Controllable crystal growth and fast reversible crystallization-to-amorphization in Sb(2)Te-TiO(2) films

The structure evolution and crystallization processes of Sb(2)Te-TiO(2) films have been investigated. The Sb(2)Te-rich nanocrystals, surrounded by TiO(2) amorphous phases, are observed in the annealed Sb(2)Te-TiO(2) composite films. The segregated domains exhibit obvious chalcogenide/TiO(x) interfaces, which elevate crystallization temperature, impede the grain growth and increase crystalline resistance. Compared with that in conventional Ge(2)Sb(2)Te(5) film, the shorter time for onset crystallization (25 ns) and amorphization (100 ns) has been achieved in as-deposited (Sb(2)Te)(94.7)(TiO(2))(5.3) film under 60 mW laser irradiation.
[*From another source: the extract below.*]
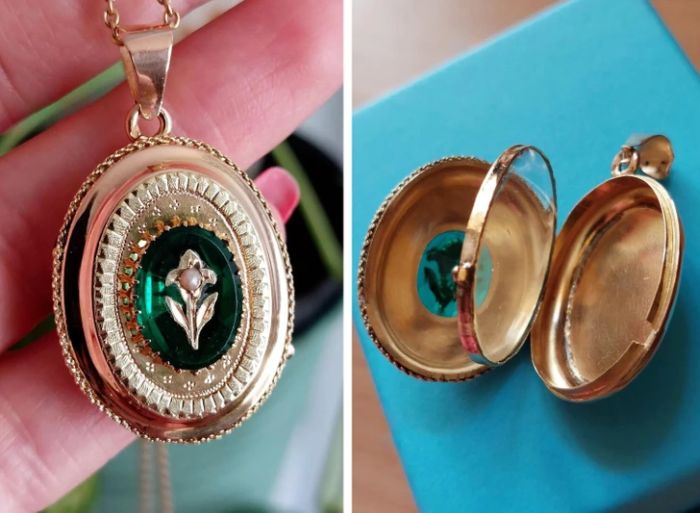 “A nagymamám medálja. Az egyik felébe fotót lehet tenni, a másikba parfümöt.”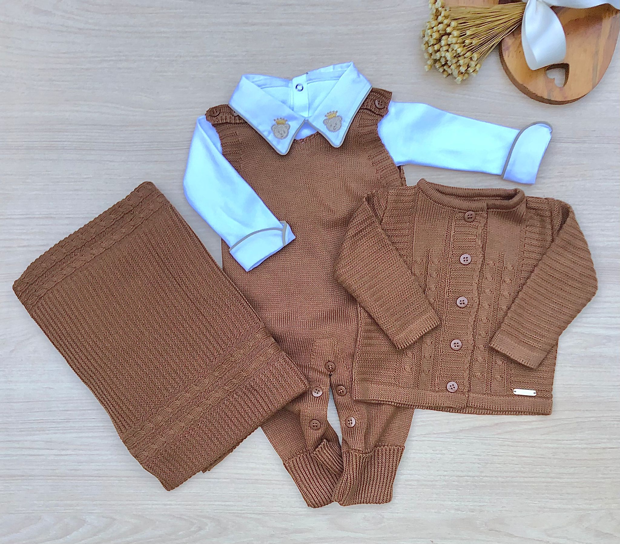 Apresentamos essa encantadora saída de maternidade em tricot, ideal para os primeiros dias de vida com muito conforto e estilo. O conjunto é composto por:

The corresponding recrystallization and re-amorphization can also be realized in the film. From Johnson-Mehl-Avrami (JMA) analysis, it is further found that the one-dimensional grain growth with controlled interface is dominant for the film during the fast phase-change process. Therefore, (Sb(2)Te)(94.7)(TiO(2))(5.3) film with improved crystallization mechanism is promising for high-stable and fast-speed memory applications.